I'm planning integrate Elasticsearch as a single node cluster per application server. Application server is getting hosted in customer environment.

For disk threshold, I'm planning to use only disk flood_stage configuration as low and high watermark will have no impact.

I know the default flood stage is set to 95% but would like to know the consequences of keeping it at 99% by default?

That depends on how large the disk is and what your use case is.

If you are talking a 4TB drive that Elasticsearch can use, then 99% leaves 41GB to work with. That's not a lot if Elasticsearch needs to merge a large index.

Our typical use case at customer end is 2TB. I wanted dig down the use cases in which will be needed of space? One of the reason that I could think of is disk expansion as elastic support only single path per node. Could please elaborate the merge index use case with some references?

The underlying Lucene segments of an index will merge over time.

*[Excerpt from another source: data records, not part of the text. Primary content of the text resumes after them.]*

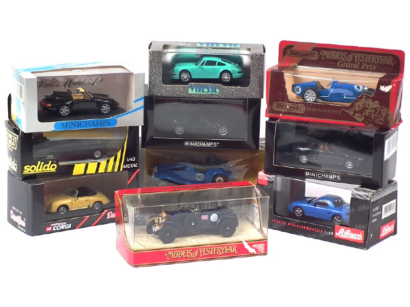 comprend : BENTLEY, BMW, BUGATTI, MG, MERCEDES, PEUGEOT & PORSCHE (4 exemplaires différents) - on y retrouve les marques : CORGI, DETAIL CARS, MINICHAMPS, MATCHBOX, SOLIDO, SCHUCO & VITESSE - 2 boîtes en états 'c'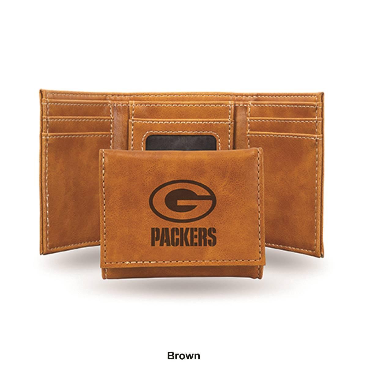 Carry a part of your favorite team with you and simultaneously keep your money safe with this Mens NFL Green Bay Packers trifold wallet. Made of faux leather, the 4-inch long and 3.25-inch wide wallet features a Green Bay Packers embossed logo, card slots, and an ID window for a complete look.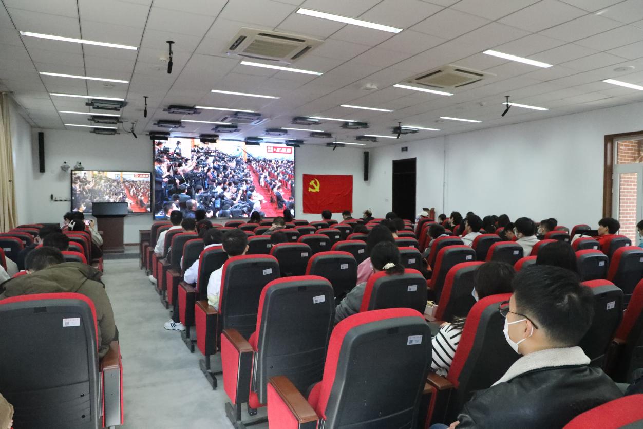 太阳集团tyc151组织全体师生党员、全体团员,通过线上线下相结合的方式,集中收看了新一届中央政治局常委同中外记者见面会直播。公司领导班子、理论中心组成员、各党支部书记和师生代表在太阳集团tyc151二层报告厅共同收看。考虑线下会场容量及疫情防控要求,公司设置线上会场统一组织其余师生参加观看学习。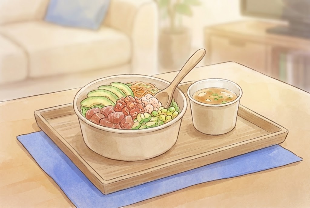 仕事が押して、時計の針が22時を指す直前。とにかく早く食べたいという夜は、配達パートナーさんが多くて待ち時間が読みやすいUber Eatsの出番です。到着予測の精度が高いので、25分以内のフィルターをかけて丼系の一択に絞ります。海鮮丼や鶏そぼろ丼は温度が落ちにくく、スプーン一本で完結するのが嬉しいポイントです。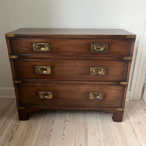 Antik Military kommode med låg og org nøgle, fremstillet i mahogni med messing beslag . Kassen står på fire ben og har en aftagelig bakke indvendigt. Velegnet til opbevaring af småting og dekorativ brug, eller som lampebord/sengebord. 65 x 45 x 34 cm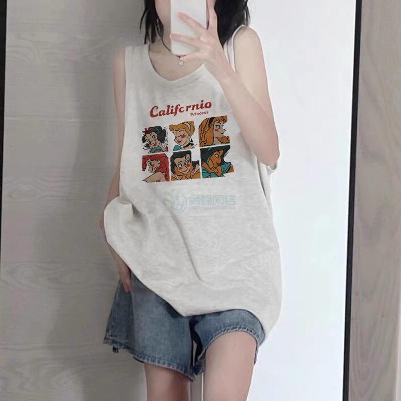纯棉吊带运动坎肩背心无袖t恤女夏季设计感小众外穿宽松挂脖上衣
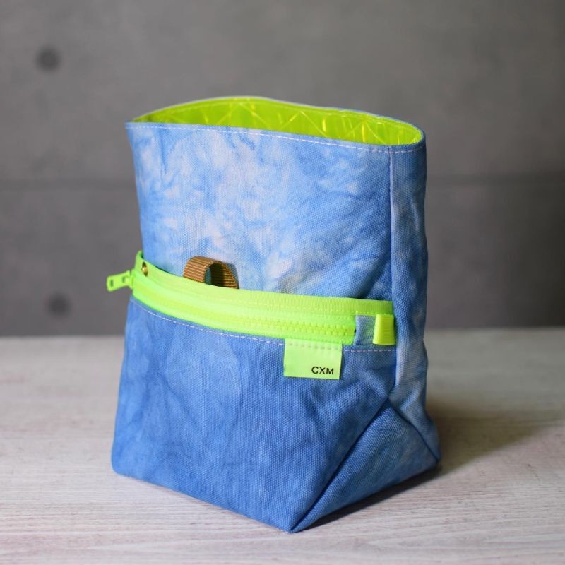 底の生地を二重にし、底に重心をおくことでチョークバッグが倒れることを防ぎます。物を入れることでより安定します。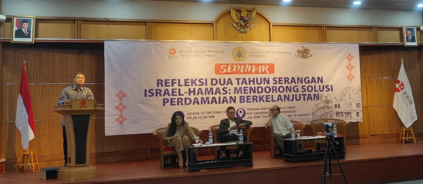 Hal ini disampaikan oleh dosen Magister Ilmu Politik, Fakultas Ilmu Sosial dan Ilmu Politik, Universitas Muhammadiyah Jakarta (UMJ), Dr. Asep Setiawan, saat menjadi salah satu pemateri di seminar bertajuk “Refleksi Dua Tahun Serangan Israel-Hamas: Membangun Solusi Perdamaian Berkelanjutan” di Pusat Riset Politik, Badan Riset dan Inovasi Nasional (BRIN), Jakarta, pada Selasa (7/10).

So if you have 2 segments that are (eg) 5 gig, then you need 5 x 2 plus another 10 gig for the merge to happen in, until the merge is completed and then the original segments are deleted.

1 Like

Thanks for this explanation. We will be having shard of 50 GB each which would be heavily ingested with user email data. I would like to what is the default segment size, how frequently segments are getting merged, is there any max segment merge threshold parameter?

There is no default segment size and you cannot limit the size of a segment, Elasticsearch handles things transparently.

Merge | Elasticsearch Guide [7.13] | Elastic has some info on this.

1 Like